The proud conservative comic actor understands how off-putting political humor would be to his target audience
Here’s Why Kelsey Grammer Keeps His Politics Out of ‘Frasier’

He’s listening, and he’s learning to keep his politics far away from Frasier.

Despite much of the TV world’s inability to see Kelsey Grammer as anything besides his most famous character, the 69-year-old actor and producer is not Dr. Frasier Crane — and, perhaps more importantly, Frasier isn’t his actor, either. Where Frasier is a man of science (albeit a soft science in psychology), Grammer dictates his own life’s path based on his strong Christian convictions. Frasier loves his frequent glasses of sherry, while Grammer has been famously sober since 1996. And, pivotally, throughout his many decades on television on both Cheers and Frasier, Seattle and Boston’s favorite radio psychologist has mostly avoided publicly discussing political topics, while the self-professed Trumpian Republican Grammer, uh, discusses.

Although Grammer has made no secret of his right-wing leanings throughout his public life, once even claiming to be a massive admirer of Russian President Vladimir Putin “because he is so comfortably who he is,” the six-time Emmy-winner makes a point to separate his own politics from the character who most exemplifies the “coastal elite” archetype to so many sitcom fans. In a recent interview with Variety, Grammer explained how letting his politics seep into Frasier would simply make for bad comedy — so even conservatives know that conservative humor sucks ass.

“We avoid political jokes, because honestly, they are so locked in a time warp,” Grammer said of why his personal opinions havent influenced the writing on Frasier, even in its current iteration as a sort of streaming revival vanity project thats seen him take on more responsibilities in the development and plotting of the Paramount+ reboot.
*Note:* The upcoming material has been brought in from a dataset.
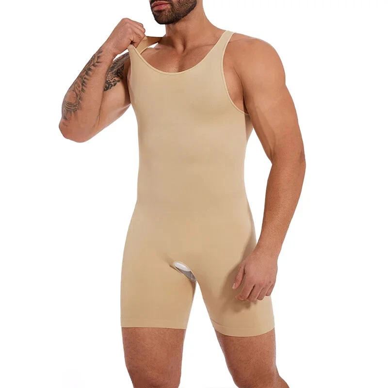 Description Size:S M L XL Fabric: 85%POLYAMIDE 15%SPANDEX Color: Black, Nude360°SHAPE YOUR BODY:Taking on our slimming body shaper for men, you will though away out of any bulge worries and become more confident. This shapewear for men will give your stomach compression to smooth your "man boobs" or "beer belly",tighten your thigh to be slimmer, flat your waist fat,minimize your gynecomastia and slim your chest. SEAMLESS MENS SHAPEWEAR: The bodysuit shapewear for men adopts 360-degree seamless integrated molding, wearing no trace, light and zero bondage, according to the ergonomic light pressure design, fit the body curve. Our mens tummy control compression shaper is made of ultra stretchy material,suitable for all kind of body shape.Our compression shirts for men is undetectable when you wear shirts, t-shirts or suits with it. ONE-PIECE OPEN CROTCH BODY SHAPER SHORTS:Our leotards bodysuit for men is one-piece vest four corners underwear.This fashion bodysuit vest not only can slim your belly, but also tighten your thigh fat.This boxer briefs body shaper has open crotch so that can make you more convienent to go to bathroom.Deep U-neck design will be a super good partner under shirts,hoodie or suits, it can prevent the embarrassment of underwear exposure. STRONG COMPRESSION IN BELLY: This mens tummy shaper has chest and waist special knitting technology which has high pressure to effectively tighten the waist, abdomen and chest, flatten all your bulge.The mens jumpsuit shapewear style design slim thighs, widened foot braid effectively prevent rolling eversion. ULTRA COMFORTABLE SHAPEWEAR: This basic mens waist shaper can be wore all day underneath clothing without uncomfortable,shaping you a super charming body curve.This butt lifting shapewear for men will company with you in any improtant occasion( e.g. wedding,meeting, dating,exercising or travelling),give you brave to do anything you want to do,make you become more confident. Size Information

Grammer went so far as to say that all topical comedy is a short-term strategy that isnt fit for a series that has remained so popular for so long, saying, “Contemporary culture does not fuel any comedy that lasts. It’s only funny in that moment. And usually not so funny for half the people that are listening. I think it’s good advice to steer clear of that.”

Grammer further opined of his shows enduring appeal, “Frasier has always been able to last because it’s about the things that are important: Relationships, love, brothers, fathers, wives, sisters. Some things are universally funny, and it’s usually character-situation-relationship. They’re the tent poles of all of our storytelling.”

Still, Frasier isn’t completely absent of Grammer’s personal values, at least in his estimation. Back before the reboot premiered late last year, Grammer told IndieWire that “Frasier has been my ministry,” arguing that the ethics of the series are based in his Christian Scientist beliefs, even if religion is rarely discussed on the show in explicit terms. 

Grammer’s comments in the recent interview echoed that outlook, with the actor saying of the making of the Frasier reboot, “As they load the audience in to watch a taping when we start, I say, ‘I’d like to welcome you to church. This is where the things I believe in get flushed out — where we get to laugh and cry together and enhance our human experience together.’ That’s a pretty great thing to get to do.”

So maybe the way we get Niles to come in and save Season Two of the Frasier reboot is to pray for it.